The index tabulates statistics that reveal a nation’s well-being. The index, for example, measures life expectancy, standard of living, literacy rate and the number of school-aged children being educated. Out of 179 countries measured the DRC ranks 177
th
; a ranking for a country with a population of over 65 million. Life expectancy in the DRC is just 46 years. Only 33 percent of school-aged children are enrolled in some type of school. While the GDP hovers around $300 US dollars, per person, per year.

            Resource wars in Africa that shed the blood of millions is not a new African phenomenon by any measure. But what makes Africa’s PlayStation War so insidious is how it fueled some of the West’s greatest technological revolutions: The advent of the cell phone, the lap top, the world’s most popular game console, the PlayStation, and many other personal electronics. Because at the height of the war, the resource that was most treasured was
coltan
, a shiny black metallic ore needed to make these devices. After it is refined, coltan becomes a bluish-gray powder called
tantalum
, which is defined as a transition metal. One that is resistant to extreme heat. Tantalum powder thus can hold a high electric charge, making it a good ingredient for capacitors, which control the flow of electrical currents inside miniature circuit boards. And these miniature circuit boards have one tremendous and significant application: to satisfy the West’s insatiable appetite for personal technology. But tantalum is also necessary for the US military to wage war. It’s needed to manufacture jet engines for the F-series and other jet fighters; missiles and satellites are also on coltan and tantalum's resumes.

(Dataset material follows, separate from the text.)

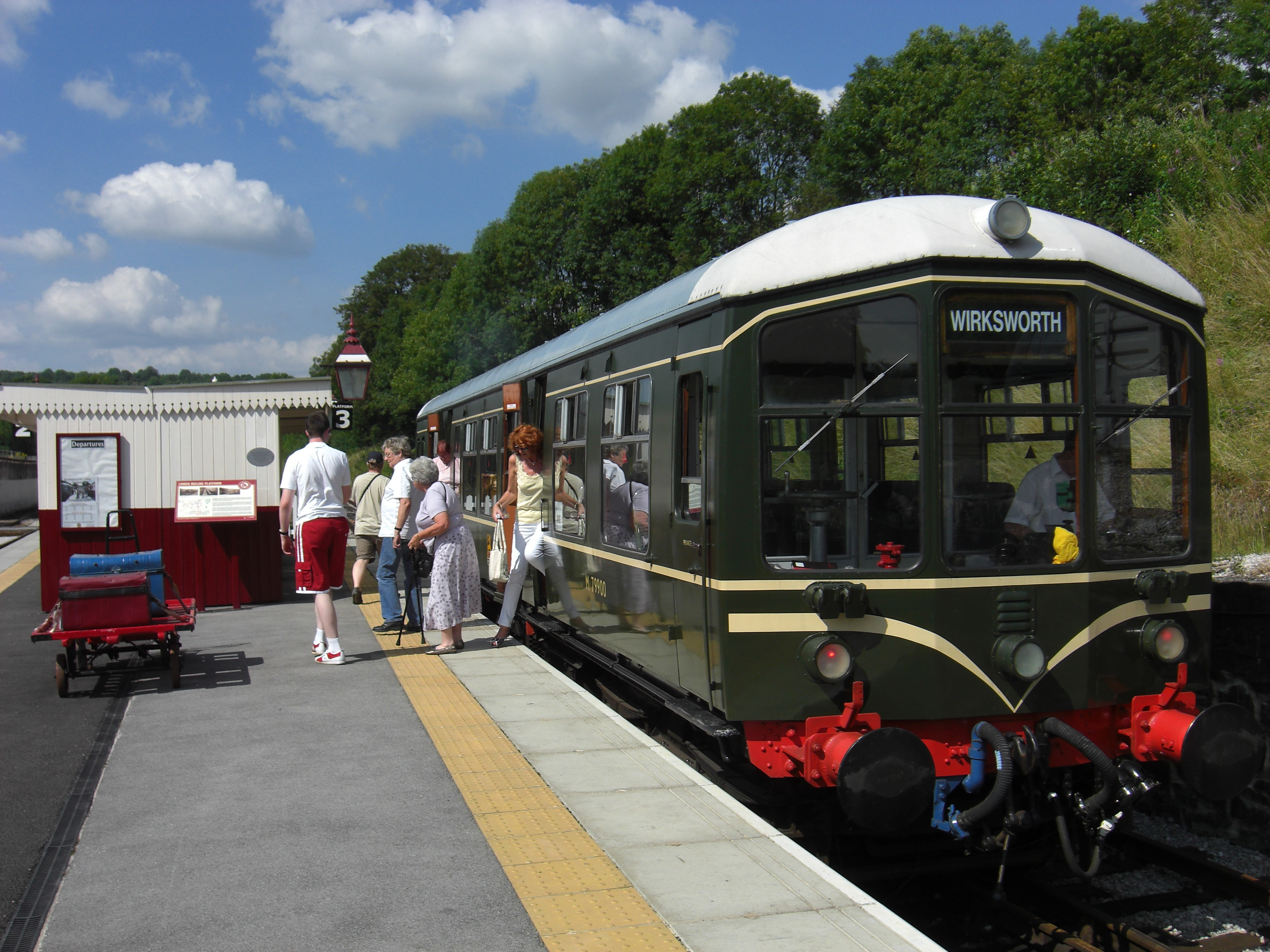 Derby Lightweight Single Car Unit M79900 resides on the Ecclesbourne Valley Railway, fully restored back to passenger carrying standard after being the former test car IRIS.

            It was bad enough two nations and a bunch of rag-tag African militias were stealing coltan from a nation in desperate need of revenue, but then the UN discovered that Rwandan and Ugandan troops and their supported rebels were utilizing Congolese prisoners-of-war and children to mine for the “black gold.” The following quote would be the verbal tag that helped inspire the name the PlayStation War.

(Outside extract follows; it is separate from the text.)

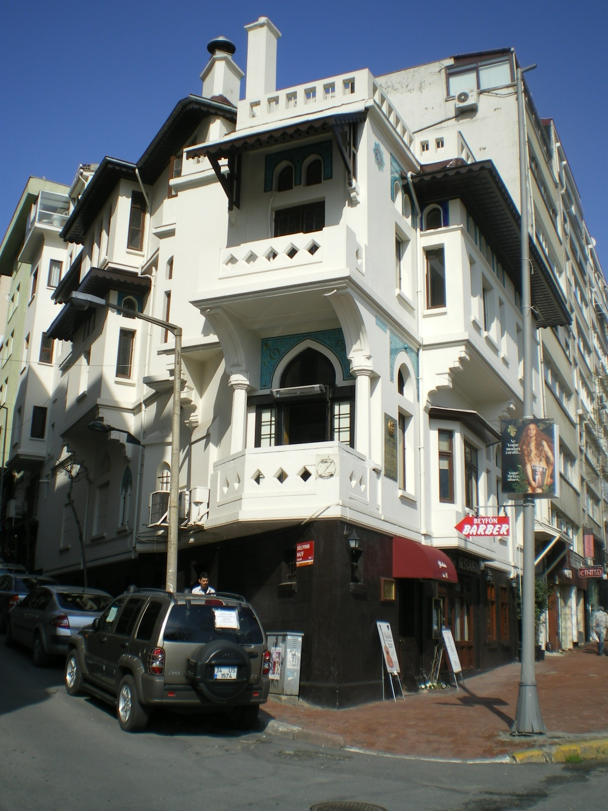 The house of architect Vedat Tek on Valikonağı Caddesi, Nişantaşı, İstanbul.

            “Kids in Congo were being sent down mines to die so that kids in Europe and America could kill imaginary aliens in their living rooms,” said British politician Oona King to the
Independent
during the later stage of the conflict. King was a Member of Parliament from 1997 to 2005.

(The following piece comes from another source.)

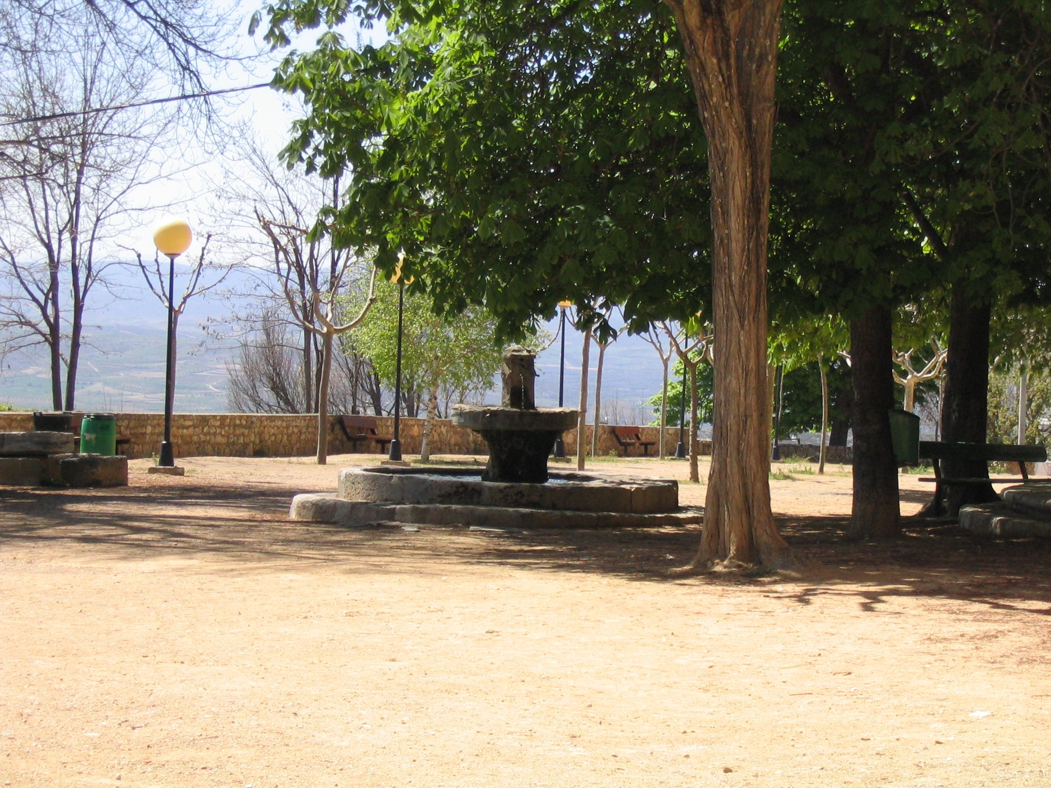 Main square of the Sanctuary of Mercy (Santuario de Misericordia), in Borja.

            Also taking notice of the PlayStation War and trying to do something about it was a London-based, non-government office called
Rights and Accountability in Development
(RAID). RAID, however, did not take on the African militias or armies; focusing instead on the 100-plus Western-based mining companies that continued to work in the DRC, or purchase minerals and metals allegedly stolen from the DRC, as the war raged. RAID accused these companies, such as Eagle Wings Resources International of Ohio, Cabot Corporation of Boston, Mass., and Chemie Pharmacie Holland of the Netherlands, with having stealing millions of dollars worth of resources out of the DRC, or made millions processing stolen resources from the DRC, namely coltan.